Supplied information –
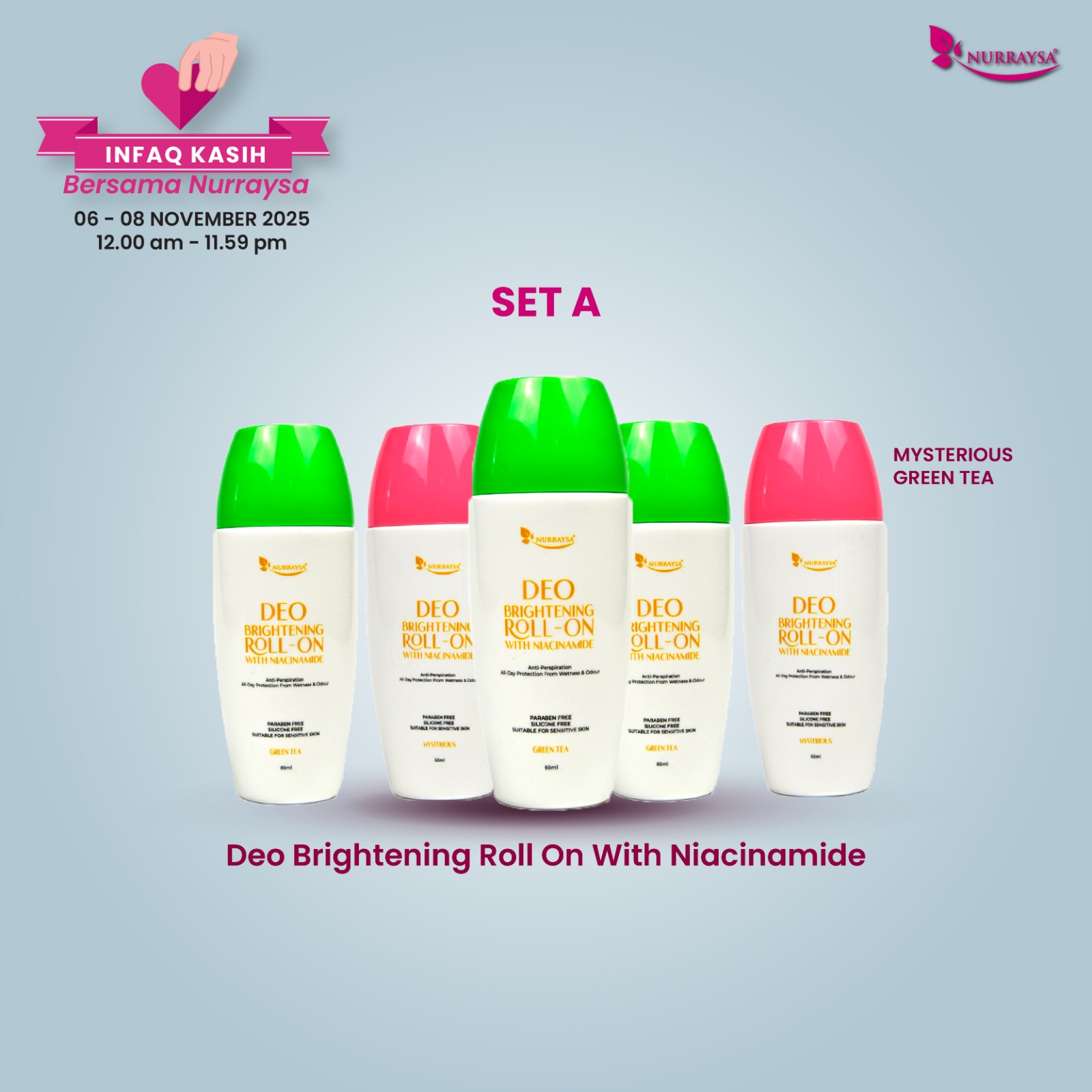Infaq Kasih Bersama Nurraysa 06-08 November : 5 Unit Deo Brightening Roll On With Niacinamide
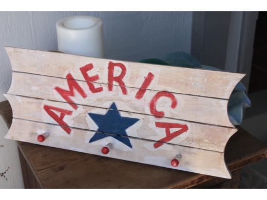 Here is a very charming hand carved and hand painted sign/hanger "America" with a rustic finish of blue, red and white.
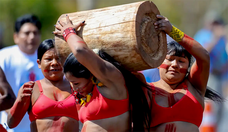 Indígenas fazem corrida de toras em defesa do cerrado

Work required – The data needs to be reproduced exactly, please, apart from its pictures.

Written answer –
Infaq Kasih Bersama Nurraysa 06-08 November : 5 Unit Deo Brightening Roll On With Niacinamide
 Here is a very charming hand carved and hand painted sign/hanger "America" with a rustic finish of blue, red and white.
 Indígenas fazem corrida de toras em defesa do cerrado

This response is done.